Her perspective on technology has changed completely. She now finds the capabilities of new technology to be exciting. She realizes that what humans want from technologies is a critical aspect of their success at the bank, and her own orientation to people can make user-centered design a personal strength. She’s leading a multi-stage implementation of automation technologies in her group’s mutual funds processes. Where she was previously concerned that the automation systems would eliminate human workers, she’s now enthusiastic about how they can change human work for the better (consistent with that view, the technology is called “innovation automation” or IA, at TD). Participating in WealthACT was, she says, life-changing.

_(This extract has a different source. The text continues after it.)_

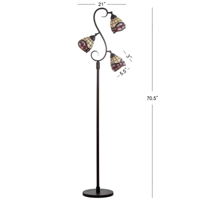 Simultaneously whimsical and classic, the trio of Tiffany-style stained glass shades on this floor lamp makes for a stunning addition to any space. While steeped in traditional design, this piece is updated with the functionality expected today — a step-on on/off button, LED bulb compatibility, and a beautiful silk-wrapped cord. Each shade is hand-made by artisans who specialize in the intricate art of stained glass soldering.

Now that about half of the senior management team of TD Wealth has graduated from a WealthACT program, Atanaska Novakova, the program leader, knows the program is a success. “We have turned anxiety into excitement, and now everyone who’s been through the program is a change agent,” she explains. “I hear all sorts of ideas from business leaders about how we can use AI and chatbots in the business. It used to be that the push for those came from our IT people, and IT would get the blame if they didn’t work out. Now the business sees these projects as a joint responsibility. We’ve also created some great relationships among people who have never gotten the opportunity to work together, which was an unexpected benefit of the program.”
However, she’s restless to improve the program. It was expensive, she says, and she doesn’t want it to be viewed by anyone as obligatory. She believes that such an intervention should never be viewed as a right, but rather an opportunity—and she’s not sure that those who haven’t applied thus far are sufficiently motivated to gain anything from the program. She’s also wondering about how to make these one-shot programs an ongoing experience for the business unit’s leadership team.
She also knows that it’s not just the leaders of TD Wealth who need to participate. She’s in the process of designing a WealthACE program— “Accelerate Change through Execution.” She envisions that the program will involve less travel, will involve some of the ACT participants as trainers, and will involve many of the same design components. This program is aimed not at 400 managers but at 4,000 individual contributors, and Novakova expects that it will go on for a long time.
It’s too early, of course, to know if these cultural change programs will have a long-term impact on TD Wealth or TD in general. However, there is little doubt that wealth management and banking are becoming increasingly technology and data-intensive, and that the industry leaders of the future will have that focus embedded in their strategies, business models, and products. The WealthACT program has clearly helped TD take a big step toward having a tech-focused DNA. How that plays out in day-to-day business and competition will be fascinating to watch.